8. The apparatus of claim 7, wherein the color processing of the data in the first data format comprises:

9. The apparatus of claim 7, wherein the color processing of the data in the first data format comprises:

10. The apparatus according to claim 9, wherein the step size of the primary convolution processing is an integer multiple of a minimum unit of the color arrangement pattern of the data of the first data format.

11. The apparatus of claim 7, wherein the process of extracting features from the color processing result comprises: carrying out convolution filtering processing on a color processing result to obtain a multi-channel characteristic diagram, carrying out at least one item of second processing on the multi-channel characteristic diagram, and determining a second processing result as an extracted characteristic; wherein the second processing comprises: compression processing, aggregation processing, and weighting processing.

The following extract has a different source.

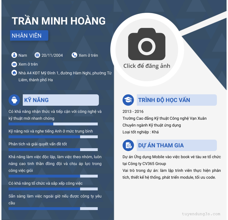 Mở xem thông tin đầy đủ ứng viên TRẦN MINH HOÀNG chỉ với 2 điểm. Ứng viên được cập nhật ngày 16/03/2026

12. The apparatus according to claim 7, wherein the data in the first data format is data obtained by converting the collected light source signal with a wavelength range of 380nm to 780nm and/or the light source signal with a wavelength range of 780nm to 2500nm into a digital signal by the image collecting device.

13. A computer-readable storage medium, on which a computer program is stored which, when being executed by a processor, carries out the steps of the method according to any one of claims 1 to 6.

14. An image apparatus comprising a memory, a processor and a computer program stored on the memory and executable on the processor, wherein the steps of the method of any one of claims 1 to 6 are implemented when the program is executed by the processor.